Recently, a university engineering laboratory has embarked on a fascinating (and fun!) project for a classified corporate entity. After making daily freedom of information requests to the college for three weeks, they mercifully sent us a briefing on the project, which has 90% of the information redacted, but hey! At least we got the title! The unspecified object’s name is “MEGA Civilian-Killing LASER 9000-A.” A concerning title, perhaps, but most of the unredacted words include terms such as “peacekeeping,” “defense,” and “totally benign,” so evidently we have nothing to fear.
Curious and dedicated to journalistic integrity, we decided to ask the perspectives of the students and faculty working on the project. Here’s what we found:
“Oh, the laser?” one ethical, globally aware graduate student replied. “Sorry, we don’t really use the official name. We call it the Orbital Strike, haha. Like from Call of Duty? Anyways, we’re really dedicated to making the world a better place.”
“Getting grant money is always an issue, so we’re very thankful that [REDACTED COMPANY NAME] has been so generous in its donations to the Collins Aerospace Defending Our Country On-Campus Laboratory,” one faculty member told us.
“It’s been awesome. I had to fight tooth and nail for this, so I’m glad the professors and graduate researchers have been so welcoming. It’s a super fun workplace atmosphere. We played ‘Pin the Missile on the Enemy of Democracy’ for someone’s birthday last week,” an undergraduate intern working on AI research told us. “They’re only paying me five dollars an hour for the semester, but at least it’s in bills! They paid me in loose pocket change on the Lockheed Martin project.”
Alongside its projects, the college has been taking a new, revolutionary approach to ethics, replacing the old DEI-laden Cultural Perspectives, Values, and Society general education requirement and condensing whatever loose ethics they get taught during the first year classes into a new course.
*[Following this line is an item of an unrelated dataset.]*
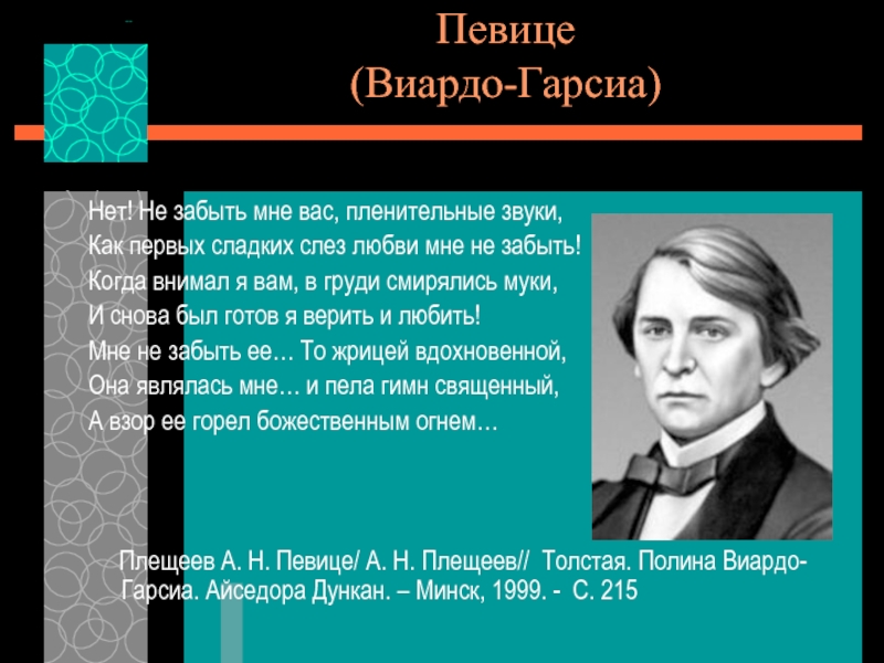 Плещеев А. Н. Певице/ А. Н. Плещеев// Толстая. Полина Виардо-Гарсиа. Айседора Дункан. – Минск, 1999. - С. 215
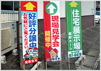お店や駐車場などへの誘導や、イベントの告知など、幅広い用途で使われるオリジナル捨て看板。

Formed in partnership with real business representatives from American Ordnance, Collins Aerospace, and Lockheed Martin, “ENGR:1666: Introduction to Cognitive Dissonance” lays out the five core values for our engineers of the future:
Accountability: Avoid it.
Appreciation: Appreciate the opportunities 100 years of imperialism has created for you.
Community: Your community here is all that exists. Don’t think about anywhere else. Your employer and country are morally righteous.
Respect: Respect your superiors and always follow orders.
Timeliness: Turn in your three weekly lab reports on time or we’re paying you less and shredding your letter of recommendation.
The curriculum includes engaging lessons such as “Relativism: Moral and Physical,” “How to Ethically Increase Profits (by any means necessary, according to Milton Friedman)” and a guest lecture from Northrop Grumman on “Sustainable Drone Warfare.”
These efforts, College of Engineering dean Ann McKenna says, help achieve the college’s mission statement of creating “graduates [who] are ethical, globally-aware citizens whose work while at the University of Iowa and throughout their careers make the world safer and our use of resources more efficient” and “undoubtedly improving quality of life for our Iowa community as well as for people across the United States and around the world.” This also helps the college reach its budget of 52 million in research expenditures, 80% of which comes from unnamed “external sources.” Very accountable.